The director duo Abbas–Mustan took inspiration from National Basketball Association player Kobe Bryant, who was accused of rape by a fan; they began developing the film after reading about his sexual-assault case in the newspapers. Regarding the film's unusual title, they said the word aitraaz was colloquial and suited the subject. Shyam Goel and Shiraz Ahmed wrote the screenplay. Hussain A. Burmawala and R. Verman were responsible for film editing and art direction, respectively.
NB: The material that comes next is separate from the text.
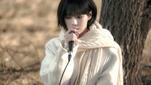 宽大的军训服显得女孩更加娇小,细碎刘海的遮挡下,是几近病态的白色。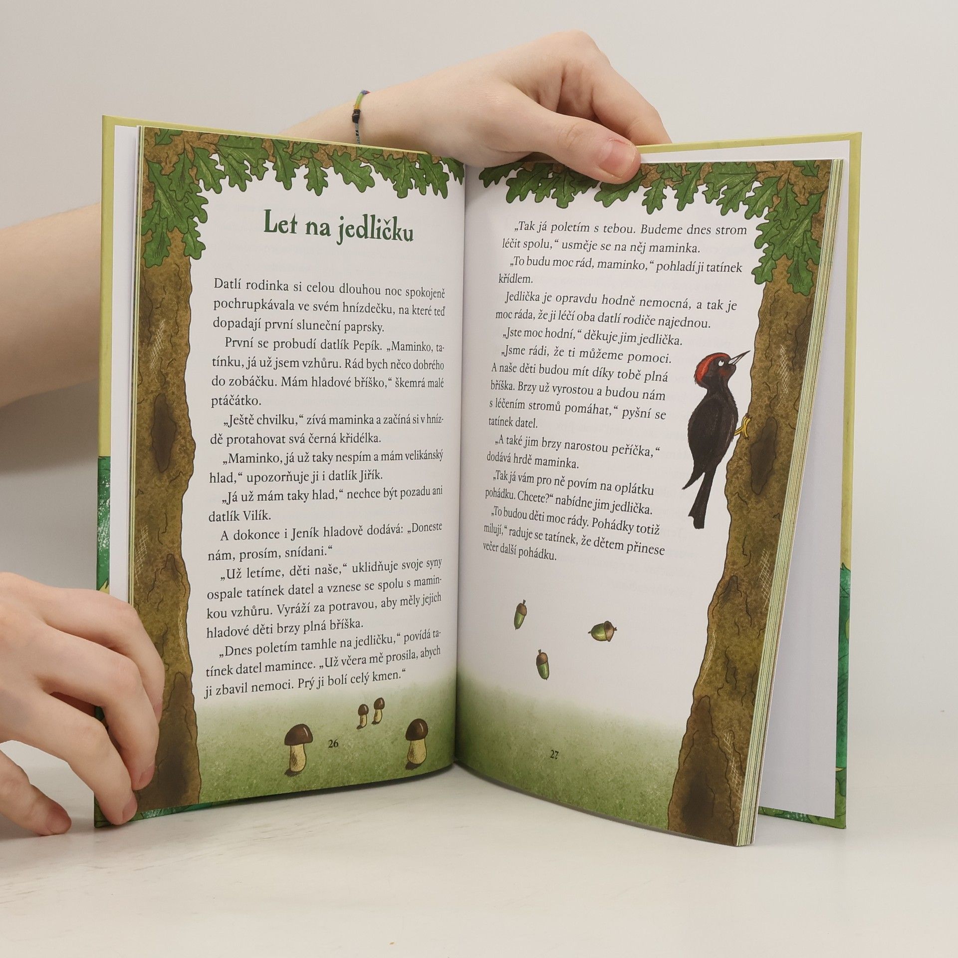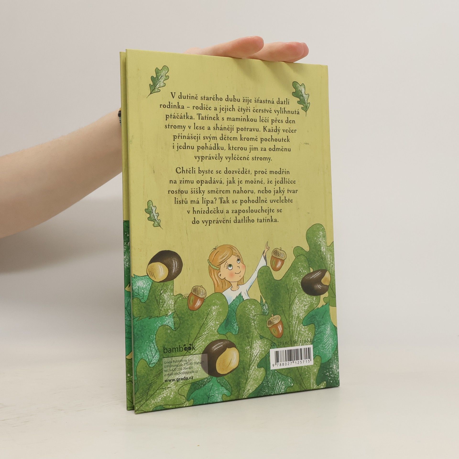 V dutině starého dubu žije šťastná datlí rodinka – rodiče a jejich čtyři čerstvě vylíhnutá ptáčátka. Tatínek s maminkou léčí přes den stromy v lese a shánějí potravu. Každý večer přinášejí svým dětem kromě pochoutek i jednu pohádku, kterou jim za odměnu vyprávěly vyléčené stromy. Chtěli byste se dozvědět, proč modřín na zimu opadává, jak je možné, že jedličce rostou šišky směrem nahoru nebo jaký tvar listů má lípa? Tak se pohodlně uvelebte v hnízdečku a zaposlouchejte se do vyprávění datlího tatínka.

The film was announced in October 2003 by producer Subhash Ghai, to commemorate the 25th anniversary of his production company Mukta Arts. The media reported that Akshay Kumar, Kareena Kapoor and Priyanka Chopra were cast in lead roles, making it the third film collaboration between Kumar and Chopra after the highly successful Andaaz (2003) and Mujhse Shaadi Karogi (2004). Kumar was cast as Raj, a working man accused of rape at his workplace; Kapoor portrayed his supportive wife, who goes to extremes to defend him. According to the directors, Kumar was cast against type; he generally played action heroes, and they wanted him to underplay his character. Abbas–Mustan, known for stylish thrillers and intriguing antagonists, (Note: Examples include Shah Rukh Khan in 1993's Baazigar, Arbaaz Khan in 1996's Daraar, Akshay Kumar 2001's Ajnabee and Akshaye Khanna in 2002's Humraaz.) cast Chopra in her first negative role. She plays a woman, married to a business magnate more than twice her age, who seeks revenge by falsely accusing her former lover of raping her. Chopra was initially apprehensive about such a bold character, due to the controversial theme of sexual harassment, but Abbas–Mastan and Subhash Ghai convinced her to accept the role. The director duo had previously offered her the lead in their 2002 thriller Humraaz, which she could not accept.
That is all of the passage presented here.